Ion fragmentation device and method based on linear ion trap mass spectrometer

Technical Field

The invention relates to the technical field of mass spectrometry, in particular to an ion fragmentation device and method based on a linear ion trap mass spectrometer.

Background

Mass spectrometry is a method of qualitatively and quantitatively analyzing a sample by separating and measuring ions according to the mass-to-charge ratio (m/z) of the ions. Instruments for performing mass spectrometry, called mass spectrometers, have been widely used in the fields of biological medicine, environmental analysis, manned aerospace, criminal science and technology, life sciences, and the like. Tandem Mass Spectrometry (MS) ⁿ ) Is an important means of analysis of mixtures and molecular structure identification and has long been used in large mass spectrometers. In particular in the interdisciplinary disciplines of chemistry and life sciences, systematic analysis of proteomes using tandem mass spectrometry, and the discovery and intensive research of post-translational modifications of specific proteinsAll are of importance.

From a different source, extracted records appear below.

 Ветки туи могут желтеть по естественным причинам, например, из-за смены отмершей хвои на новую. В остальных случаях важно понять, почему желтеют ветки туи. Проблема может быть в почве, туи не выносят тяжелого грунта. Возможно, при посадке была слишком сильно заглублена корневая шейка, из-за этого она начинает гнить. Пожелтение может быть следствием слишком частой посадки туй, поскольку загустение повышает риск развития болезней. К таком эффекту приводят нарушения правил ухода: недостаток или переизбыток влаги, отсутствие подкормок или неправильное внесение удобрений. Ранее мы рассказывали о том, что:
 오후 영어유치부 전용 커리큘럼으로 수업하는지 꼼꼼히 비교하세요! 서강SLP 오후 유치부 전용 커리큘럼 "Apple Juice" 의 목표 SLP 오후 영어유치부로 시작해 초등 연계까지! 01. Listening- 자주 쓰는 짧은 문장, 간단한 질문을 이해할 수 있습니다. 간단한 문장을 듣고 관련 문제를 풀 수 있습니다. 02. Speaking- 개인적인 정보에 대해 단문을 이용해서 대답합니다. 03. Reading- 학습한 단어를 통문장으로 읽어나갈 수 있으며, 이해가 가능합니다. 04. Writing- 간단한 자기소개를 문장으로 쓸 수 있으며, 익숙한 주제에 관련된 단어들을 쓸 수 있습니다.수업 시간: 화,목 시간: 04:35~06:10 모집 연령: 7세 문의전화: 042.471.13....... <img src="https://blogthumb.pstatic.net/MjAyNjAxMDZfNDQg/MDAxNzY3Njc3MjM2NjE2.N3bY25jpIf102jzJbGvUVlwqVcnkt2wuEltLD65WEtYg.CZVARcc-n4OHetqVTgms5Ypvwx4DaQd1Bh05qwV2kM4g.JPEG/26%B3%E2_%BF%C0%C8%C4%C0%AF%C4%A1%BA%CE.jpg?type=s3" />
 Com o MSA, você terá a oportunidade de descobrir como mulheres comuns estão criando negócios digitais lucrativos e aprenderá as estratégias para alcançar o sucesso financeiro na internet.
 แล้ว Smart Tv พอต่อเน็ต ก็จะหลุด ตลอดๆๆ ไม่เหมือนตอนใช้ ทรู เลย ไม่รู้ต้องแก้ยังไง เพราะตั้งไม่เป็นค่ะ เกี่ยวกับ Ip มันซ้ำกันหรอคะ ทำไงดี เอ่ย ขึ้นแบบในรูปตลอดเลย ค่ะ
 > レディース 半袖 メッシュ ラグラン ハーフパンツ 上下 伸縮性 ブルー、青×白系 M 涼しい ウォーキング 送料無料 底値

Tandem mass spectrometry is generally classified into spatial tandem and temporal tandem according to the connection mode. Spatial tandem refers to the connection of more than two mass analyzers together, such as triple quadrupole tandem (QQQ), quadrupole-time of flight tandem (Q-TOF), and the like. Only one mass analyzer is needed for time series connection, and cascade analysis is realized by arranging different stages, such as an ion trap, an ion cyclotron resonance mass spectrometer and the like. From the cost perspective, the ion trap mass spectrometer can realize multistage tandem mass spectrometry by only using a single mass analyzer, and has unique advantages. Among them, linear ion traps have better ion trapping efficiency and storage capacity than three-dimensional ion traps, and have received much attention.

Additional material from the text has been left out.